Newly discovered microbes can explain evolution of animals from single-celled organisms.
Uppsala University scientists have discovered a “missing link” between the two main life-forms on earth that could help to explain the evolution of organisms with complex cells like those found in all animals including humans.
Until now the division between the simple cells of microbes such as bacteria from the more complicated cells of animals and plants has been so abrupt and absolute that it was difficult to see how one could have evolved from the other.
However, researchers have now found a new microbial species that sits between the two branches of life, and which appears to be a living descendent of the last common ancestor of both the simple microbial life-forms and the complex life we see all around us.

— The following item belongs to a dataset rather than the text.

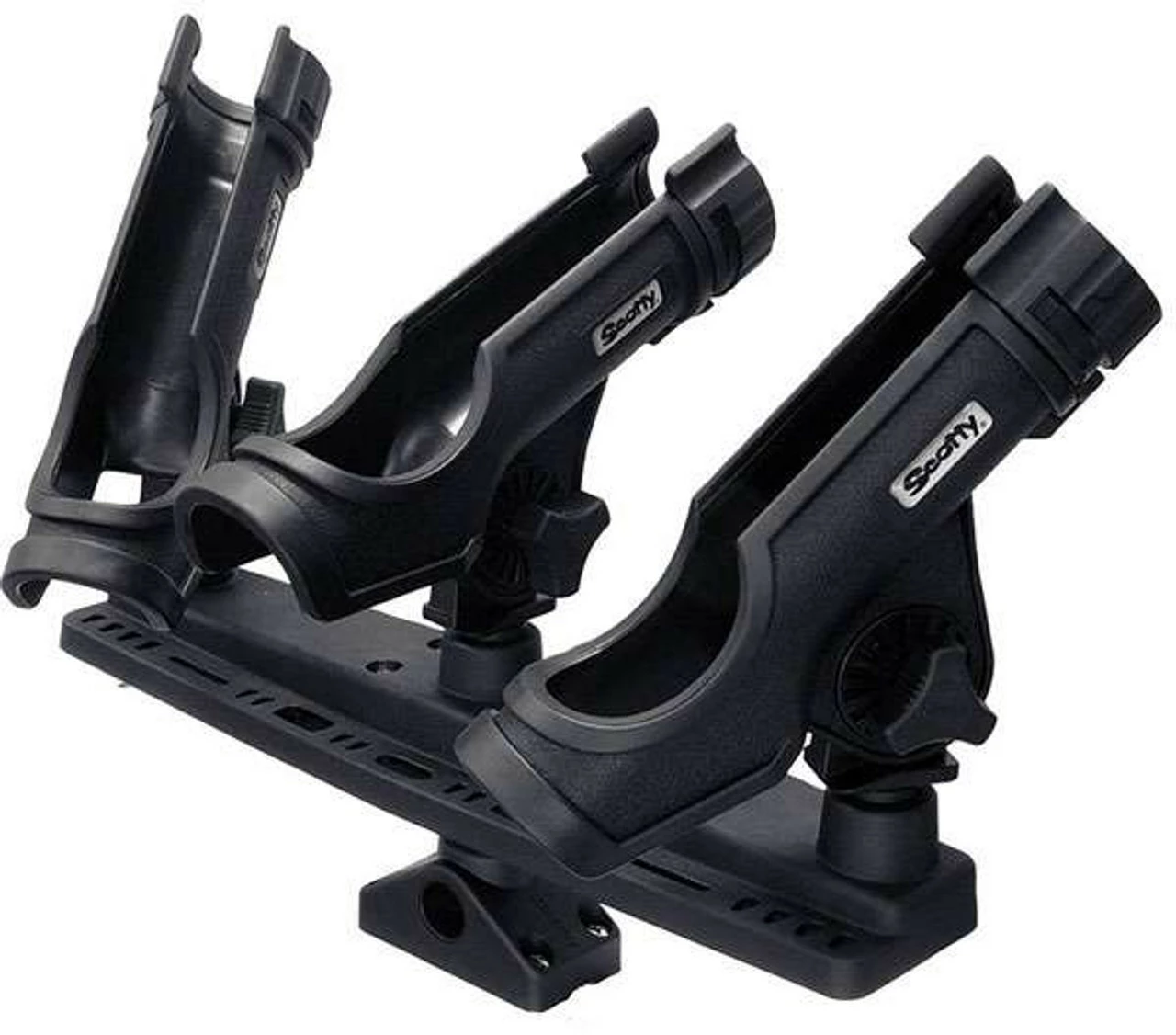Manufactured from super tough fiber reinforced engineering grade nylon, the Scotty Triple Rod Holder system is the best choice of anything on the market. It has a handy tool and lure rack to keep things organized and can swivel 360 degrees as well as each rod holder can swivel 360 degrees and tilt for ultimate versatility.
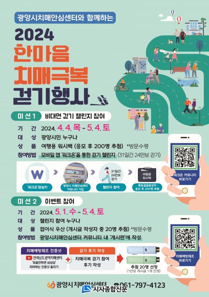 ±¤¾ç½Ã¹ÎÀÌ¸é ´©±¸³ª Âü¿©ÇÒ ¼ö ÀÖÀ¸¸ç, Âü¿©¸¦ Èñ¸ÁÇÏ´Â ½Ã¹ÎÀº ¸ð¹ÙÀÏ °È±â ¾ÖÇø®ÄÉÀÌ¼Ç ¡®¿öÅ©¿Â(Walkon)¡¯À» ¼³Ä¡ÇÑ ÈÄ ±¤¾ç½Ã Ä¡¸Å¾È½É¼¾ÅÍ °ø½Ä Ä¿¹Â´ÏƼ °¡ÀÔÇÏ°í ¡®ÇѸ¶À½ Ä¡¸Å±Øº¹ °È±âÇà»ç¡¯ 縰Áö¿¡ Âü¿©ÇÏ¸é µÈ´Ù.

Team leader Thijs Ettema said that they’ve identified an organism that seems to represent a very distant cousin of humans and in doing so it tells them something about their own dark past.
Ettema added that they are looking at the origin of complex life which occurred sometime after the origin of life itself. This discovery puts the origin of complex life in the spotlight.
It is believed that life on earth originated more than about 3.5bn years ago but about 2bn years ago it began to evolve into two broad branches, “prokaryotes” like the simple cells of bacteria and the “eukaryotes” with complex cells containing a nucleus and other intricate internal structures.
In the study, the researchers found a new organism with the genes of both groups. It was found in sediment samples retrieved from the seabed about 10km (6.2 miles) away from a volcanic hydrothermal vent called Loki’s Castle situated in the mid-Atlantic between Greenland and Norway at a depth of 2,352 metres.